Thesis, part 1

On December 18 (by midnight), you’ll submit:

  • The first three pages of your thesis, your actual thesis! As in, not *writing about your thesis*, but the actual first three pages of the thing, as you understand it so far); and
  • An annotated bibliography, listing all of the texts that are most important to your thinking about the thesis at this point.

The bibliography should include the primary texts you want to analyze and the critical or theoretical texts that will help you analyze them. You should have at least one primary text and at least two secondary texts. You might have more than that in both categories! And you could have as many as ten texts, total.

In your annotation, you will write a paragraph or so, explaining how you want to use each text: Will it provide a keyterm, for example, and if so, which one, why? Will you read the text as a primary text, and if so, which parts will you read closely, to understand what, and how/why?

As for the three pages, they are really important. You may need to do much more than three pages’ worth of writing to get them the way you like them.

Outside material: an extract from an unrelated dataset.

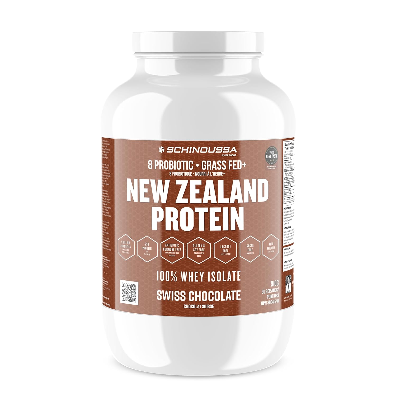 - High Protein Content: Schinoussa New Zealand Whey Protein Isolate provides a generous 25g of protein per 30g serving, fueling your muscles and supporting muscle growth, repair, and recovery.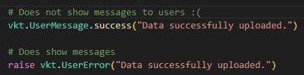 vkt.UserMessage.success(f"SUCCESS: {msg}")

This is the introduction to your thesis, so you’ll use it to:

  • Identify the central question you hope to answer in your thesis;
  • Establish your motive, showing your reader how and why your question has relevance to literary critics, more generally;
  • Describe the ballroom you hope to enter: what critics are here, and what are they saying? Where do you fit among them?
  • Establish your authority as a critic and foster your readers’ curiosity and interest in what you’re going to say.